Make time for family games/activities

It’s important for parents to show their children how to be active, have fun, and get out of the house. Children who play video games can become isolated with no friends their own age and parents who are constantly busy at work or at home can lose that connection with their children altogether. Children don’t like being told what to do but you can help them understand that getting outside is a healthy habit that will benefit them in the long run.

-Organize family game night on a regular basis. Free bingo games online can be fun for the entire family. You should also encourage the other children in your child’s life (their cousins, friends, etc.) to come over for video game night too. This will help them make new friends and learn that they aren’t alone when it comes to playing video games.

Encourage healthy video game play

Video games can be made more fun by encouraging your child to try different activities. This will help keep them from getting bored of the same game over and over again. It will also help them learn that games don’t have to be violent or inappropriate in order to have fun. Play the old favorites together and talk about what it was like when you were younger or just play a game like “Minecraft” that doesn’t involve any violence at all. Share tips about how to make the game more interesting (or challenging). For example, help your child find out how they can overcome the obstacles in a game without using weapons. Maybe it’s buried in the manual and you have to read through it to find what they’re looking for. Or maybe they have to combine items in creative ways. This kind of challenge will make them think and try harder.
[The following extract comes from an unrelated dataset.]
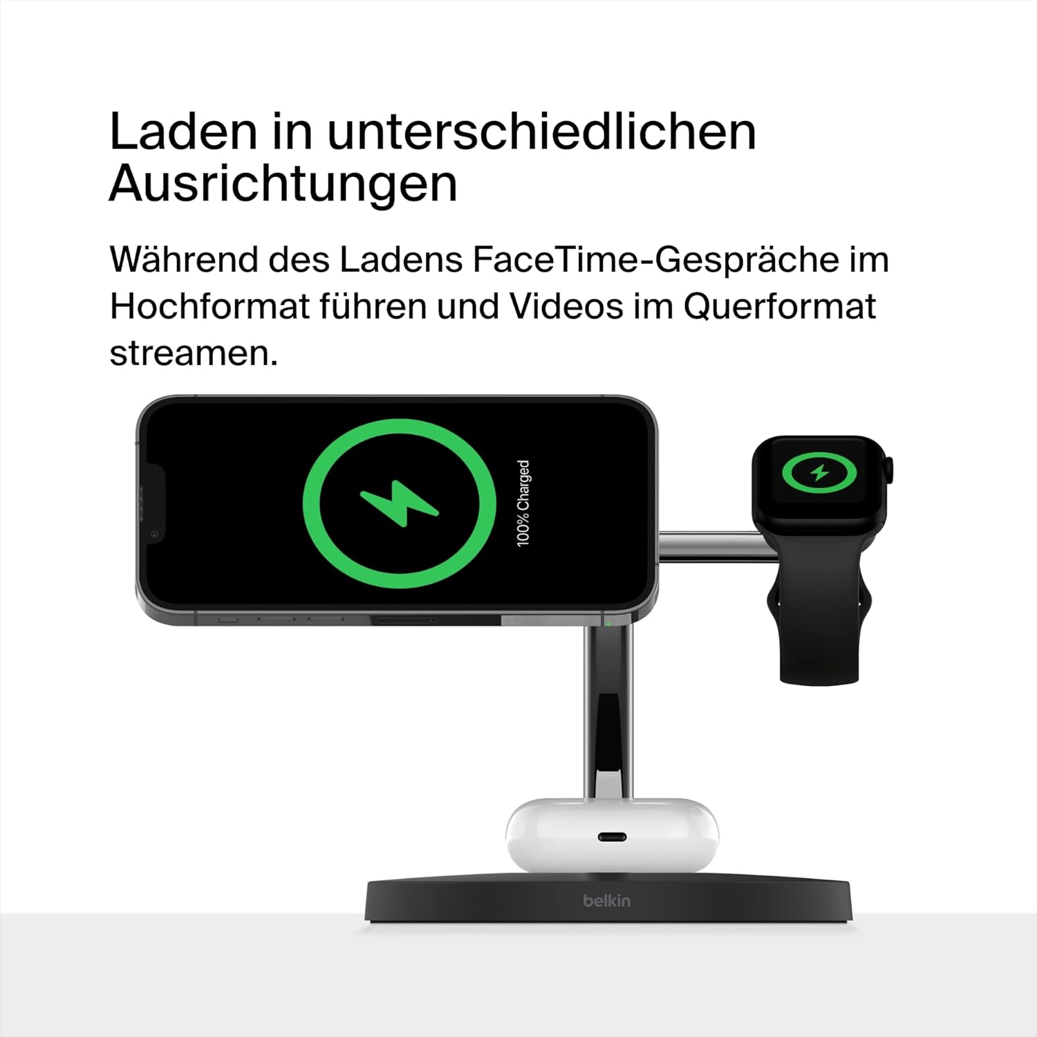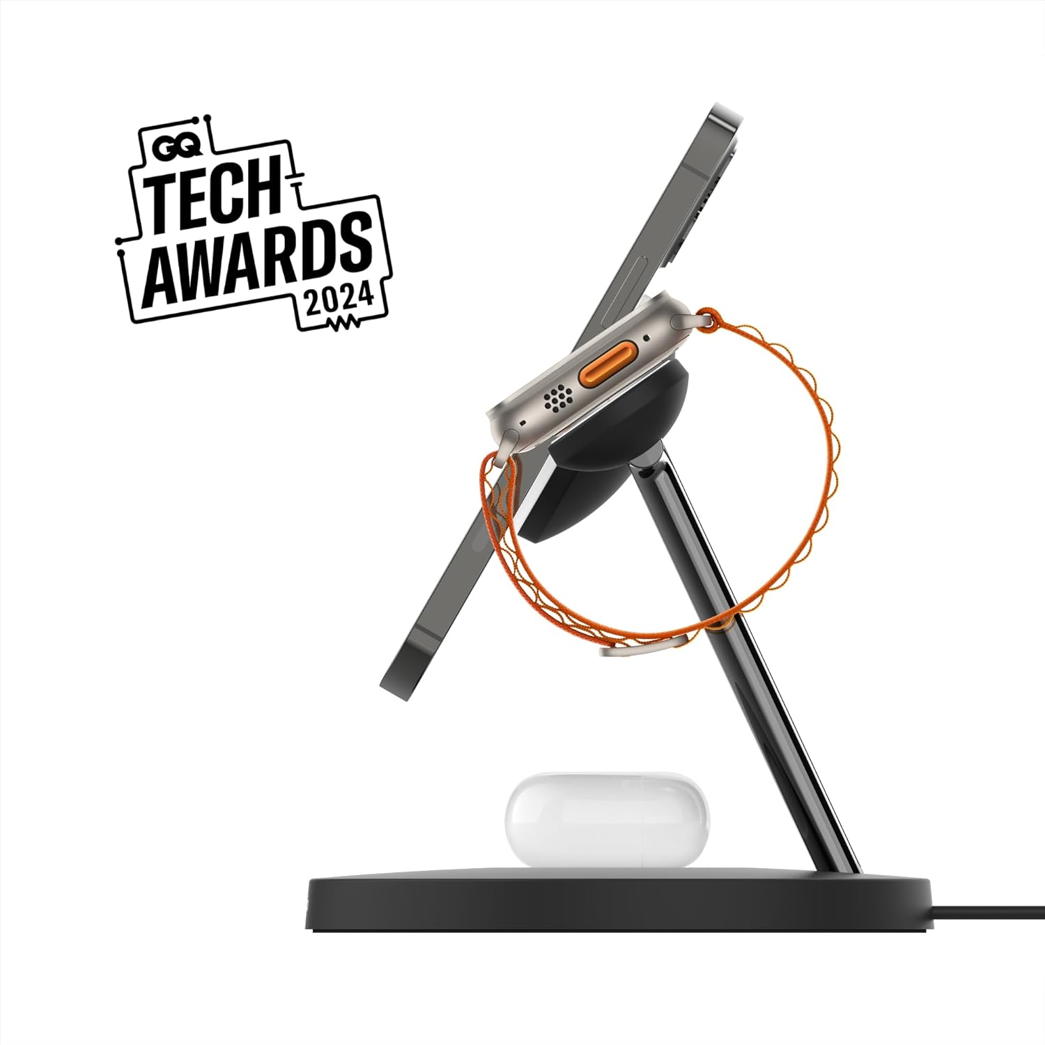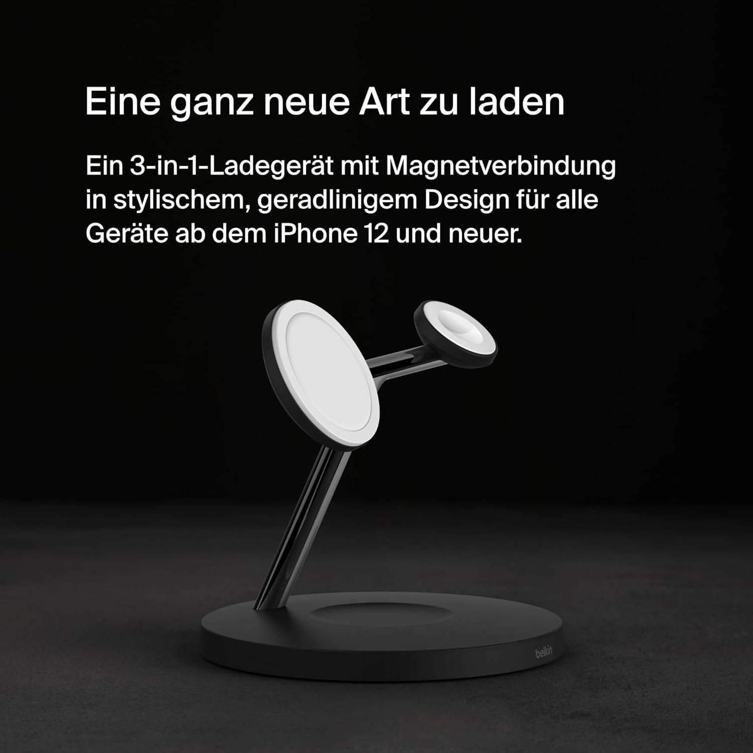 Безжично зарядно Belkin MagSafe 3 в 1, Зарядна станция MagSafe 15W бързо зареждане за iPhone и AppleWatch, Зарядна станция за AirPods за iPhone 16, 15, 14, 13, Apple Watch, AirPods

Don’t use video games as a reward

Many parents turn the TV or video game console on when their child does something good and this rewards bad behavior. This is a big problem, because it relies on the child’s incentive to do what they’re supposed to do in the first place. Your child may not be able to be good, or may even get frustrated with being told what to do all the time. Instead of rewarding them for being good, try inspiring them with things like fun activities like going out for ice cream or playing outside. This will allow them to see that it is possible to have fun and have those positive effects on their behavior without having a tantrum every time you refuse to let them play video games until 2:00 in the morning yet again.

Follow game ratings

Video games have ratings, and parents should follow them. These ratings give a general idea of what is appropriate for children to play. They also provide parents with information to help make sure the game is suitable for their child. If you have questions about the game, talk to the game’s developer or publisher and get additional information. These ratings aren’t always correct, but they are usually pretty good. If the game is violent or sexual, look for the ESRB rating on the back of the game packaging. If it doesn’t have one, check out a community like ESRB and see if you can find anything there. The ESRB has information and ratings for many of the popular games on the market today. Parents should also ask friends who have children similar ages to theirs what games their children play and if it’s appropriate for their age group.